The crystalline breeze of this life filled me so much, I had little room for pain inside of me. And with possibility and naive hope blowing across the ocean onto me, weary advice to think of the world as a battlefield or humanity as a plane in a nosedive shrank away from my thoughts.

The voice of my father came ringing, "Irene, can you come unpack these boxes?"

Reluctantly, I left the wind to blow sunlight onto the hills without me as I headed into the house.

•••

It was two weeks in France before I started feeling uneasy. My vision got progressively worse as clouds crowded around me and an underlying impulse slowly began to rise in me until the wide open landscape and tumbling cliffs faded, and all I could hear was its hum.
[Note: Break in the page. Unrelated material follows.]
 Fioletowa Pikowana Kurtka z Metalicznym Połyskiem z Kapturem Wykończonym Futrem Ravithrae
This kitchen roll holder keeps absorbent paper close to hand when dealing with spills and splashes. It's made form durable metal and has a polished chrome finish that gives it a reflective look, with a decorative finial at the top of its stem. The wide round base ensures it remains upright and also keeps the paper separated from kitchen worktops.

I remember the night being purple and airy, and I remember not being able to sleep.

I could find nothing that might be worrying me. I had settled into life here easily, Father was under no unusual stress and the war seemed too far off to creep into my worries. But something was definitely wrong.

The darkness of the room felt like a cage, trapping me as a tidal wave rushed forward to drown me. I had to get out, but gravity pressed too heavily over my limbs to escape. Soon, the room began to shift and all I could see was dull shades of white lacing through the gloom as I struggled for freedom.
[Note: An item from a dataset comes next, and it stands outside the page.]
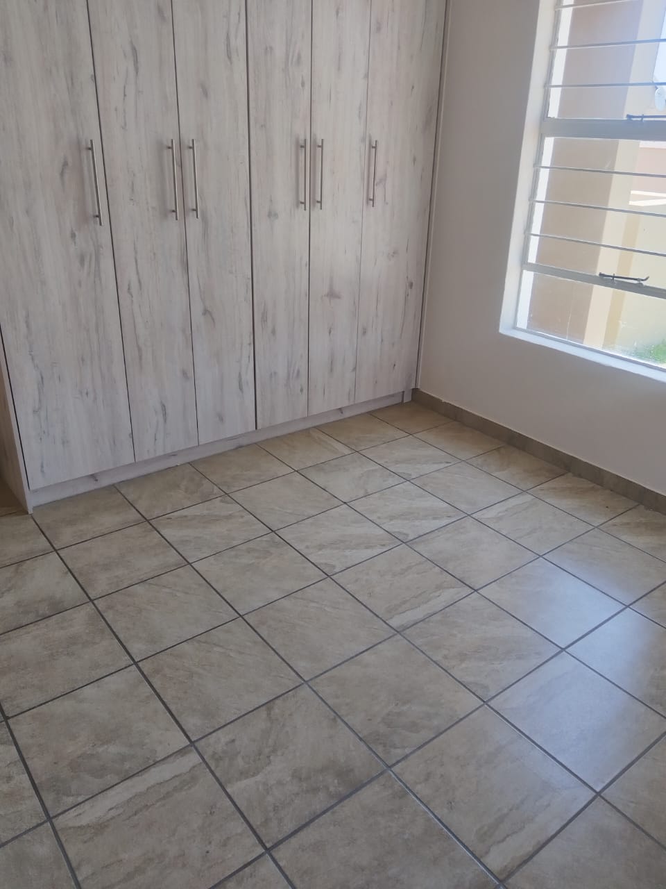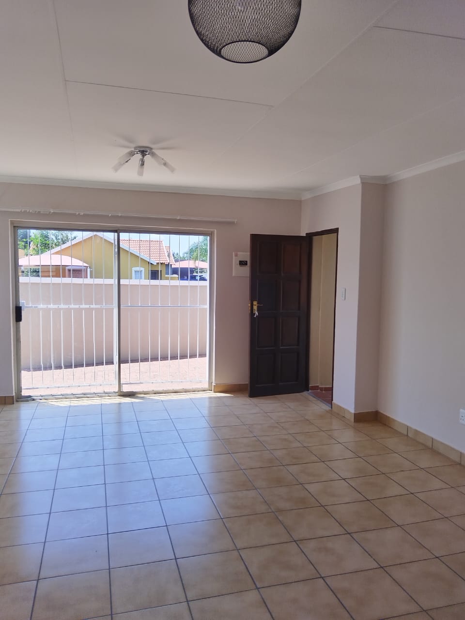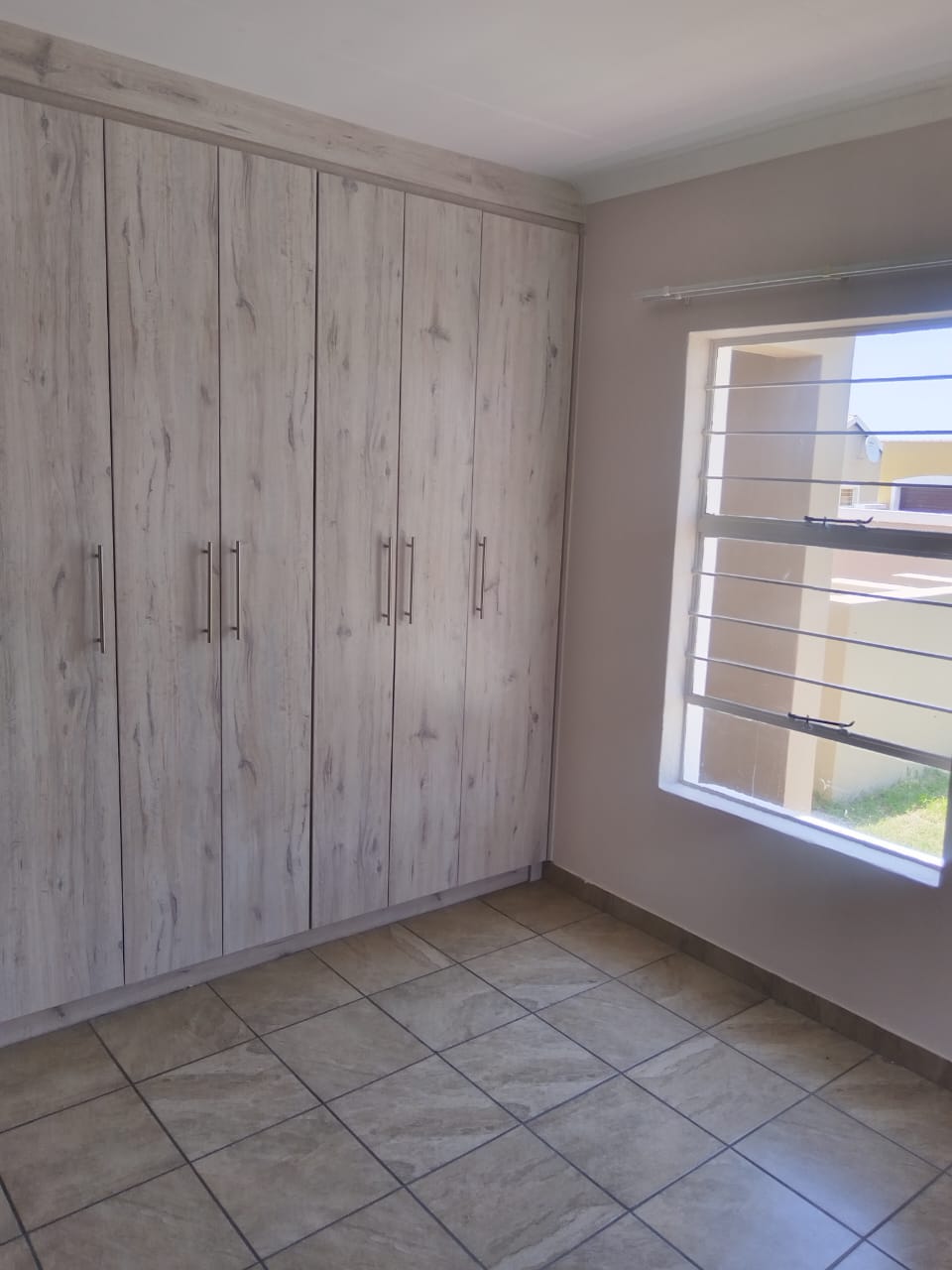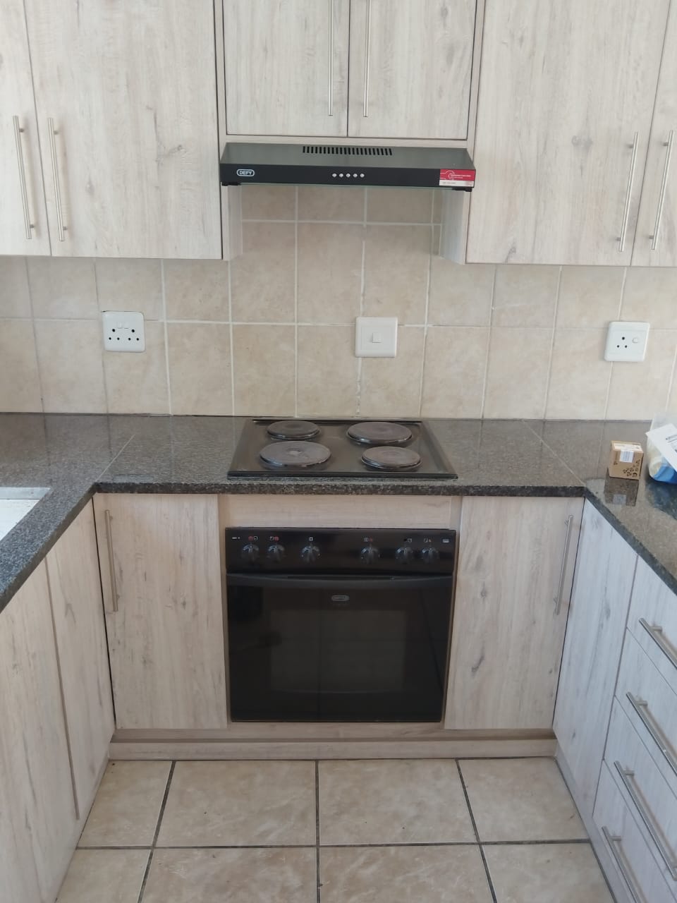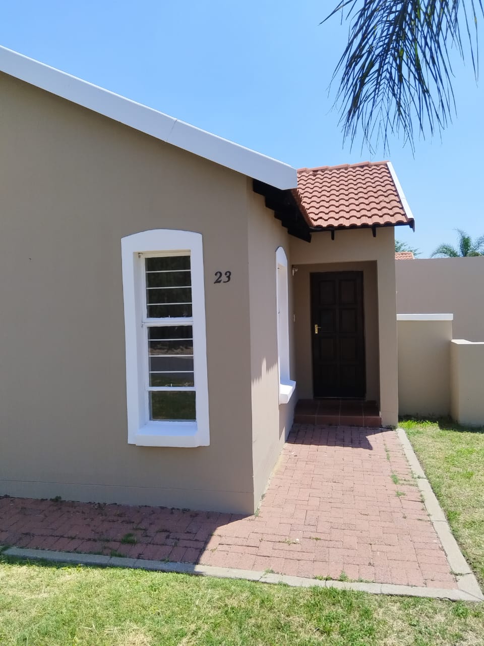 The perfect 2-bedroom home with brand new Kitchen cupboards in a security complex. Corner stand with a beautiful garden and a Palm tree. The yard is very spacious with an outside braai area and patio.
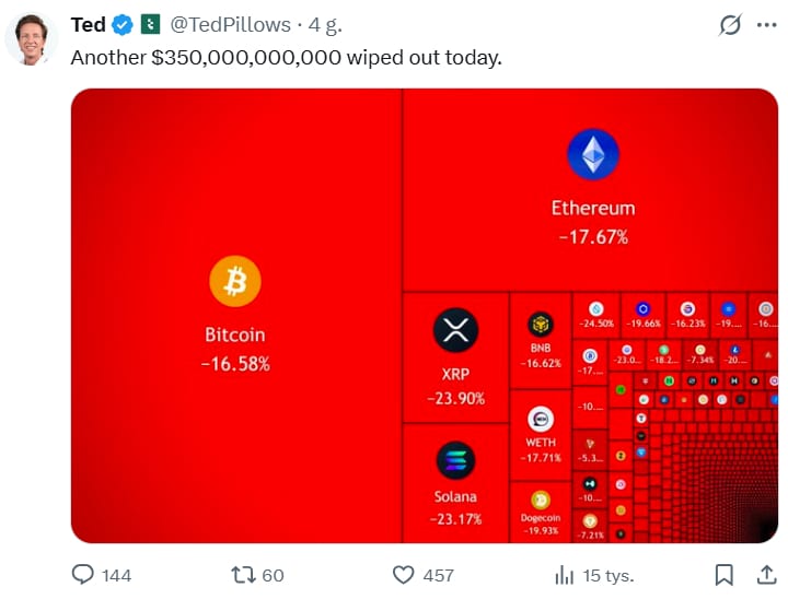 Podobnego zdania jest Tom Lee, który wskazuje, że niepewność polityczna w Waszyngtonie przekierowała kapitał w stronę metali szlachetnych, mimo że te również borykały się z chwilową zmiennością. Ekspert Benjamin Cowen ostrzega z kolei przed scenariuszem, w którym Bitcoin mógłby spaść nawet do poziomu 35 000 USD, jeśli obecna struktura rynkowa nie zostanie utrzymana. Z kolei analityk o pseudonimie Ted Pillows zauważył, że utrata kluczowych średnich kroczących na wykresie tygodniowym często historycznie zwiastowała testowanie okolic 68 400 USD.

The sound of metal crashing against itself jolted me awake, and it took a moment to realize that I had been asleep worrying the whole time. And another moment to realize that I had to leave my house – now.

I clambered downstairs and out into the open air without a thought about where I should go. I just knew that if I stayed and let that tidal wave reach me, my whole family would drown.

My own senseless reasoning sent me running into the town and through neighborhoods, searching for a house I had never seen before. Addresses rushed past me like slide projections until one clicked. I stopped in front of a cottage squeezed in between two other cottages just as small. _This must be it, _I thought a moment before a rhythmic scratch of metal on concrete echoed through the streets. It was the sound of a gallop - and it was heading towards me.

Trying desperately to move quickly and silently, I slipped into the stranger's house and glided up the stairs to a small hallway with two doors. I had no idea who I was looking for but I opened the door on the left to the room anyway. Sprawled on the bed lay a red haired boy with the same sturdy face as the one I had caught two weeks before, stealing from us.

_This must be a coincidence,_ I heard in my thoughts amidst drone of fear. I crept over to him and shook him, sending a look of genuine alarm to his face when he woke. "Hi, um" I panted.

"What are you doing here? Who are you?" The grace from two weeks ago had vanished in his questioning voice.

"I'm the one who caught you...stealing from me,"

"Oh yeah…What are you doing here?"

"I don't know, but something is wrong. I'm not sure what, but I just came here…for some reason." The strangeness of the situation suddenly caught up to me.

The color drained from his face and fear rung through him. "What do you mean?" he spoke cautiously.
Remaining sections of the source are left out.